Even the advancing technology may be more effect than cause; for napalm, the space program, and the intricate apparatus of American executions all serve the same psychological purpose: to show what kind of people are in charge on this planet, and that they are smart enough to control anything without having to do more than push a few buttons that drop a few pellets or an occasional capsule. Last night on TV—21 May—was a compact triumph for American civilization. A moving appeal from Senator Kennedy for clemency to his brother’s assassin, followed by sentence of death imposed by an august Los Angeles jurist. A new Chief Justice of the United States, reputedly tough on law and order, presented to the American people amid an exchange of platitudes from the White House. The witless chatter of the Astronauts, calling the moon to the attention of the American people and assuring them that within two months they would truly be a nation of lunatics. And as counterpoint, Berkeley police helicopters gassing the students and faculty of the University of California, some of whom later complained that this made education impossible; though the position of Governor Reagan and most of the other Regents has been viciously clear for several years and I cannot myself quite understand why such slow learners should object to the use of audio-visual aids in instruction.

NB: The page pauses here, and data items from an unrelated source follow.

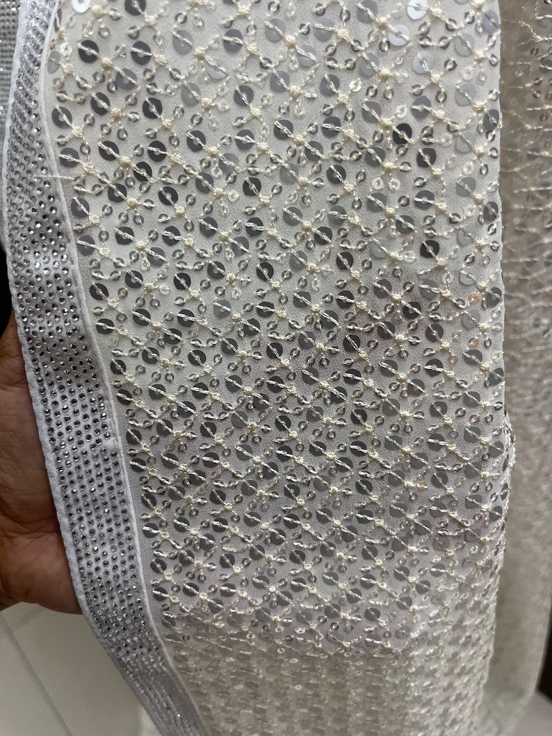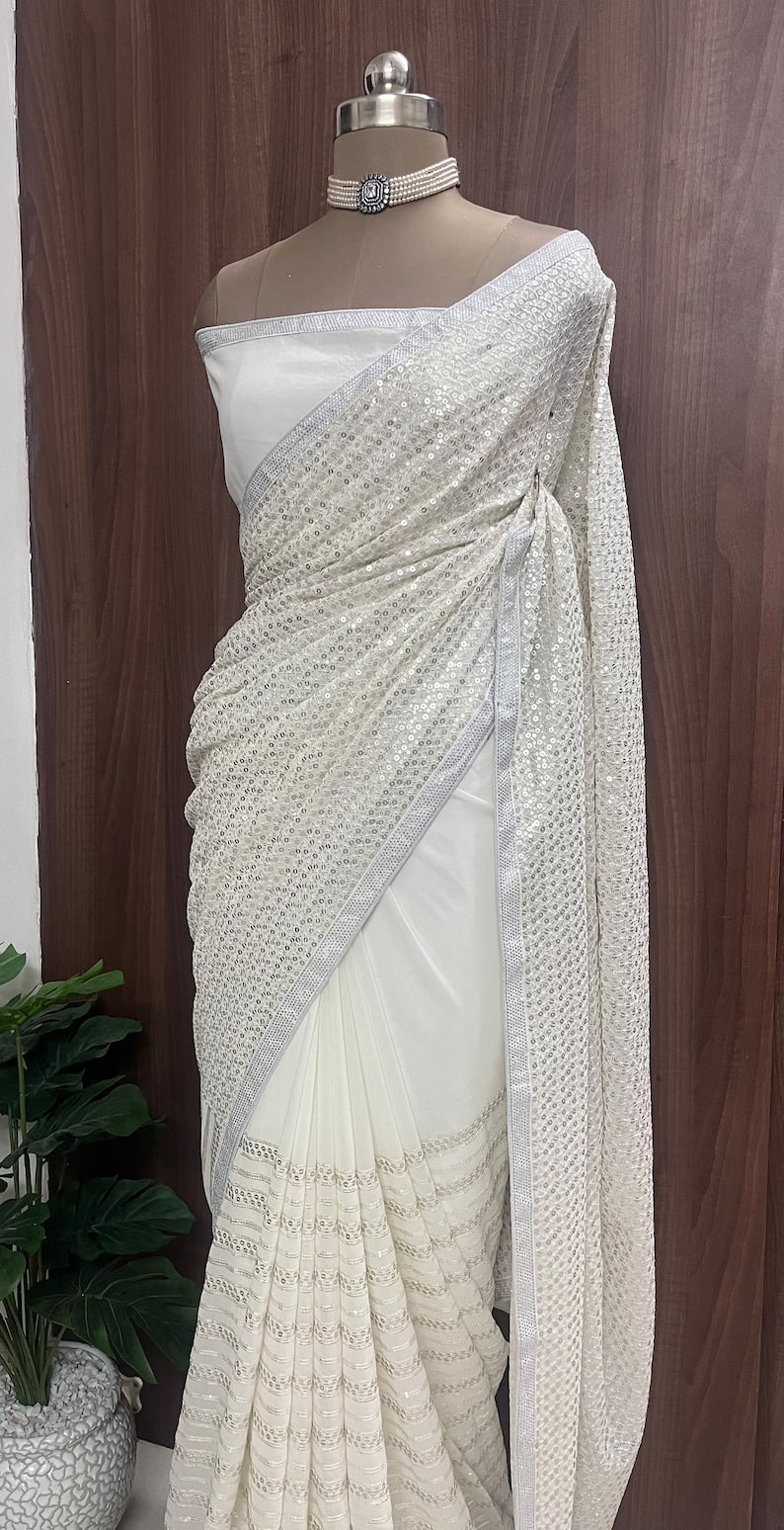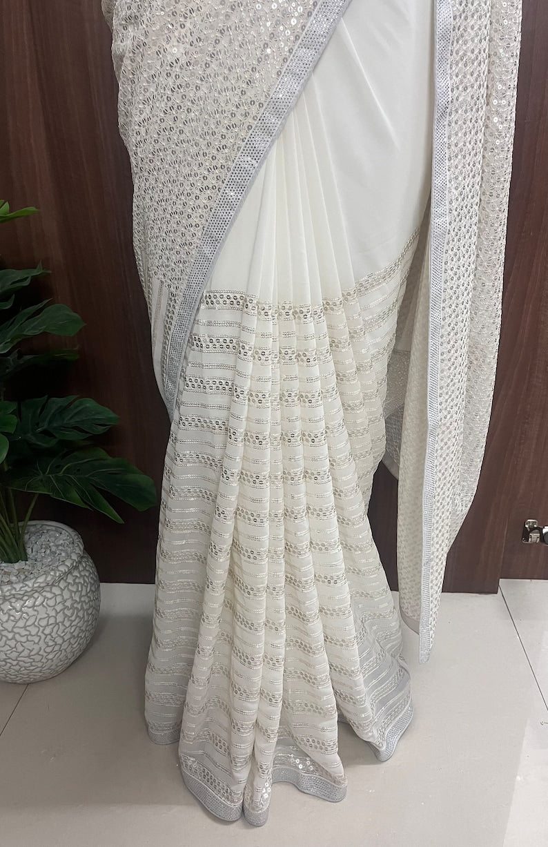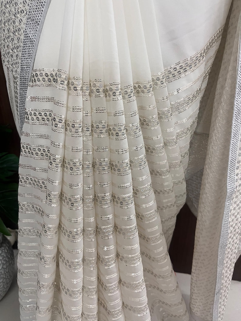 Beautiful daisy white Georgette saree with sequins work and running georgette blouse piece.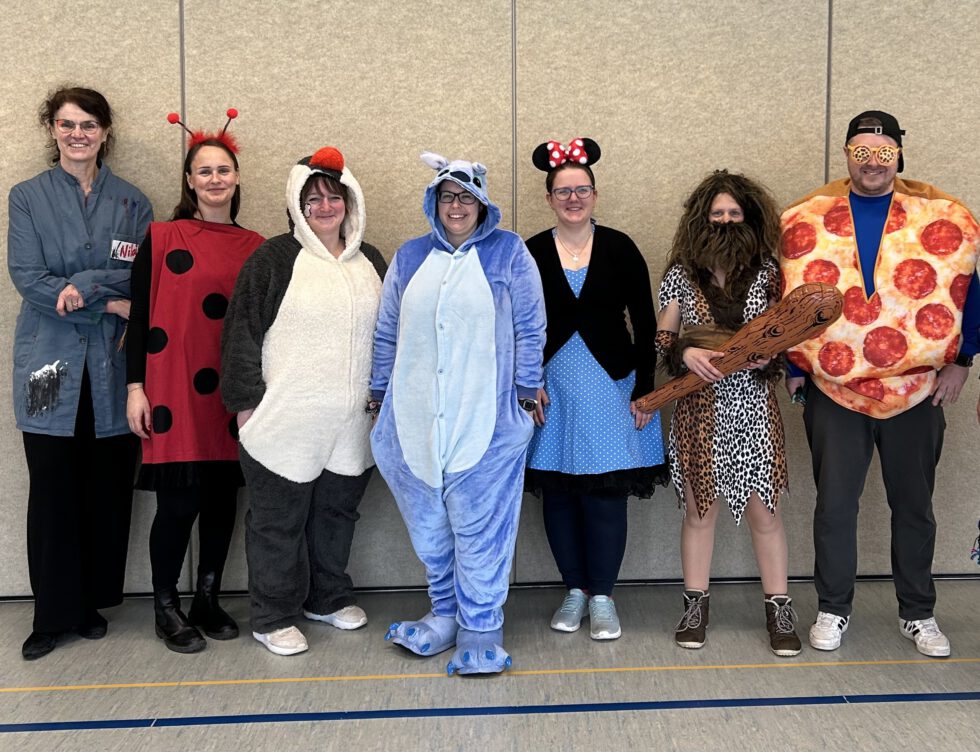 Alle standen heute mit einem Lächeln auf den Lippen da: bunt verkleidet und bestens gelaunt starteten die Schülerinnen und Schüler sowie das Lehrerkollegium den Rosenmontag mit einer fröhlichen Polonaise durch das Schulgebäude. Die kreative Vielfalt der Kostüme konnte von allen bewundert werden, während der Schulflur in ein lebendiges Karnevalsfeld verwandelt wurde.
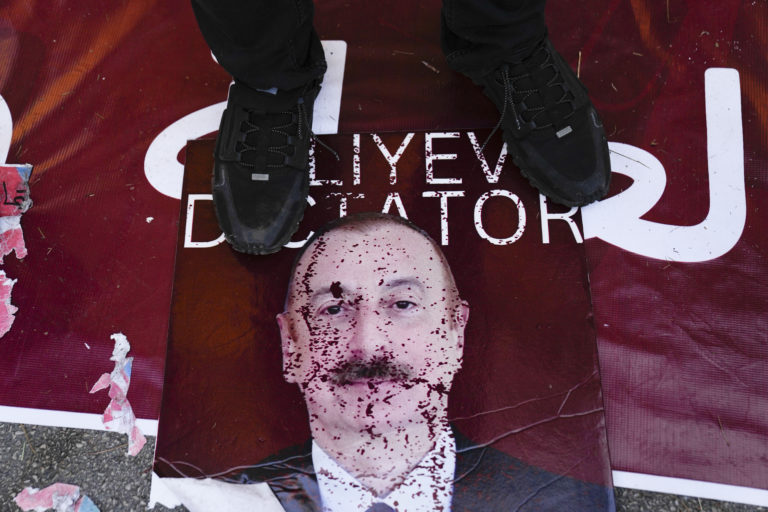 Libanonský Armén šliape na znehodnotený plagát zobrazujúci prezidenta Azerbajdžanu Ilhama Alijeva pred azerbajdžanským veľvyslanectvom v Bejrúte. Foto: SITA/AP

Yes, the pistol shots are the concert, all right; but the work of criticism must still be more than a discordant interruption. It must also point out that the American taste in pistol concerti and divertimenti for wind ensemble is banal as well as lethal. Indeed, it is the banality of our favorite works that legitimates their lethal action; for this is what makes them popular as it simultaneously conceals their consequences. For most of the American people, the news last night was groovy.

In 1969 it is hard to make such statements bluntly in a serious essay. To say directly that what is wrong with the social organism is exactly what makes most of its members dig it seems intolerably anti-democratic when stated as a general proposition. In America this must still be said symbolically and in fictional form. Must of the obliqueness and obscurity of contemporary fiction is perhaps attributable to this need to express elitist insight without avowing an elitist philosophy. But the need is pressing, and sometimes the feat succeeds brilliantly. I could not like Vidal half so well, loved I not Vonnegut more; God Bless You, Mr. Rosewater says what Reflections Upon a Sinking Ship merely hints, though insistently. On Vidal’s own terms this, I think, is a real defect. An aristocracy, like a volunteer fire department, is valueless unless it can rise to occasions of peril by risking really aggressive action. For a writer this action is to bear precise witness. Somewhere in Mailer’s earlier work he notes, magisterially, “The shits are killing us.” They are; and a noble temperament must say so.